- **Task statement**
Return the lines of the material below exactly, beginning with the line that has "- Unter ständigem" in it and finishing with the line that has "Sleeps 4 Length" in it. Leave all pictures aside.

===== Exercise input =====

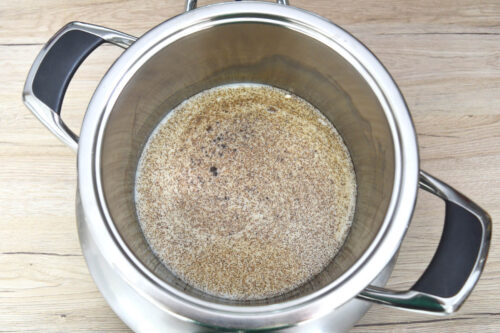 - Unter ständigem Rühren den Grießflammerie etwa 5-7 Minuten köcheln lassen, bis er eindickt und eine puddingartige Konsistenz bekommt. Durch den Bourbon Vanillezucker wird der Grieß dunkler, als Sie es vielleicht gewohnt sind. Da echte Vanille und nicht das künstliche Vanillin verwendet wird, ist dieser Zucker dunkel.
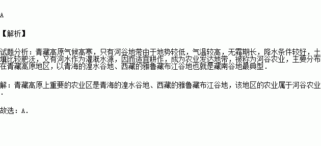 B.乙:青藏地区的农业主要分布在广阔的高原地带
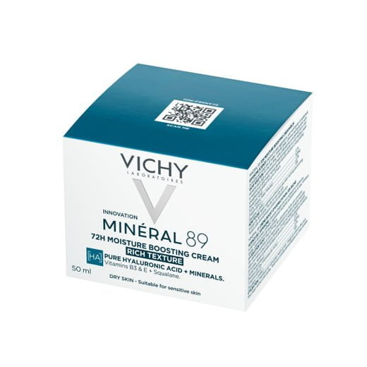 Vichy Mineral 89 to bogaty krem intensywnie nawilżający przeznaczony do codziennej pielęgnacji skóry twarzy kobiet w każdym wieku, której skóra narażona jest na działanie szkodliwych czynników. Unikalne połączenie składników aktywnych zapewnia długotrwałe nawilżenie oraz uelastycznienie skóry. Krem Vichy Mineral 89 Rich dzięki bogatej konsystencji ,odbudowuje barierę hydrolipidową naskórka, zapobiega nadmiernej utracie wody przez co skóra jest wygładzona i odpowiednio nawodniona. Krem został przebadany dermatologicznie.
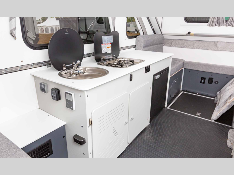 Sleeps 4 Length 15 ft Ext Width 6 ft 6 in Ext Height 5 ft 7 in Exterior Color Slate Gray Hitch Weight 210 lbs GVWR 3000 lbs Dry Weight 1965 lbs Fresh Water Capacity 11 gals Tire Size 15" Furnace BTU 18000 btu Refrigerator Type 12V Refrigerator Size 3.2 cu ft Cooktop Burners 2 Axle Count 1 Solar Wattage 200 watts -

=====
===== Exercise input =====

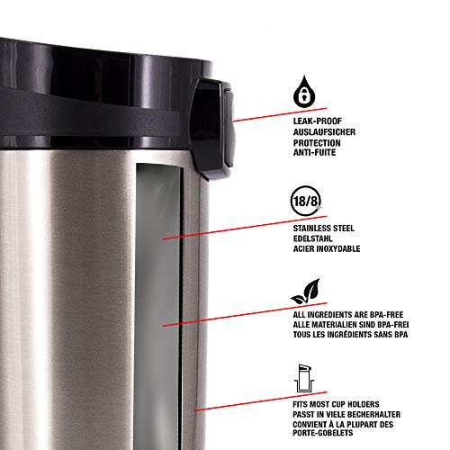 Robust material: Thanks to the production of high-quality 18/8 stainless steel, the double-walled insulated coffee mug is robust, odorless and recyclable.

=====
===== Exercise input =====

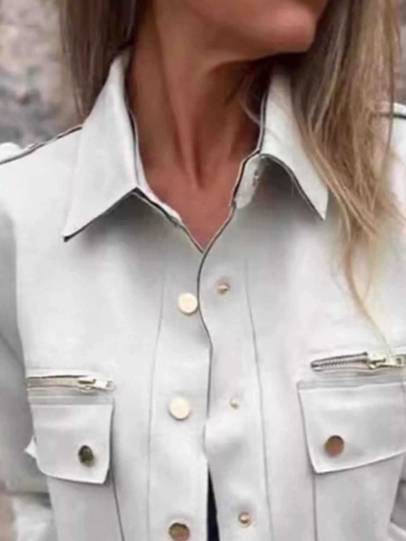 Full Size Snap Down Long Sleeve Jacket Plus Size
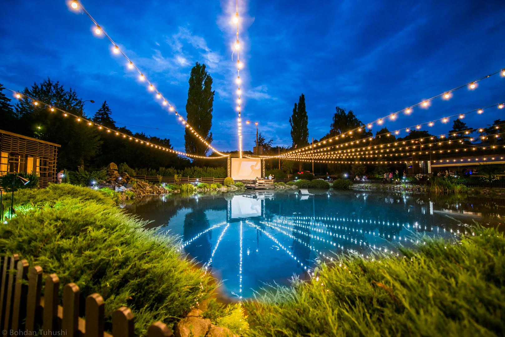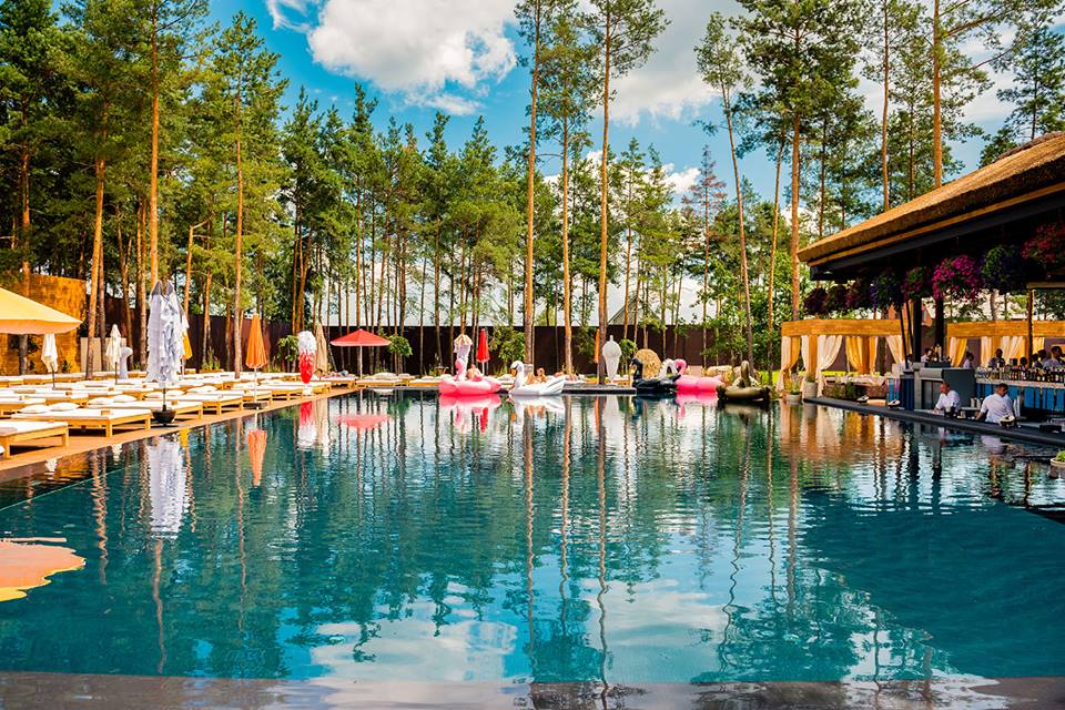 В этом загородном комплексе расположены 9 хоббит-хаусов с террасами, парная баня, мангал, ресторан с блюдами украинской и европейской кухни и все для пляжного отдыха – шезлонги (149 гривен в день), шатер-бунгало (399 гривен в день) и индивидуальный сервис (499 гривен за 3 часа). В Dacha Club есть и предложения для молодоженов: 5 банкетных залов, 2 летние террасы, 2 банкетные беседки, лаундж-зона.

=====

- **Answer box**
 - Unter ständigem Rühren den Grießflammerie etwa 5-7 Minuten köcheln lassen, bis er eindickt und eine puddingartige Konsistenz bekommt. Durch den Bourbon Vanillezucker wird der Grieß dunkler, als Sie es vielleicht gewohnt sind. Da echte Vanille und nicht das künstliche Vanillin verwendet wird, ist dieser Zucker dunkel.
 B.乙:青藏地区的农业主要分布在广阔的高原地带
 Vichy Mineral 89 to bogaty krem intensywnie nawilżający przeznaczony do codziennej pielęgnacji skóry twarzy kobiet w każdym wieku, której skóra narażona jest na działanie szkodliwych czynników. Unikalne połączenie składników aktywnych zapewnia długotrwałe nawilżenie oraz uelastycznienie skóry. Krem Vichy Mineral 89 Rich dzięki bogatej konsystencji ,odbudowuje barierę hydrolipidową naskórka, zapobiega nadmiernej utracie wody przez co skóra jest wygładzona i odpowiednio nawodniona. Krem został przebadany dermatologicznie.
 Sleeps 4 Length 15 ft Ext Width 6 ft 6 in Ext Height 5 ft 7 in Exterior Color Slate Gray Hitch Weight 210 lbs GVWR 3000 lbs Dry Weight 1965 lbs Fresh Water Capacity 11 gals Tire Size 15" Furnace BTU 18000 btu Refrigerator Type 12V Refrigerator Size 3.2 cu ft Cooktop Burners 2 Axle Count 1 Solar Wattage 200 watts -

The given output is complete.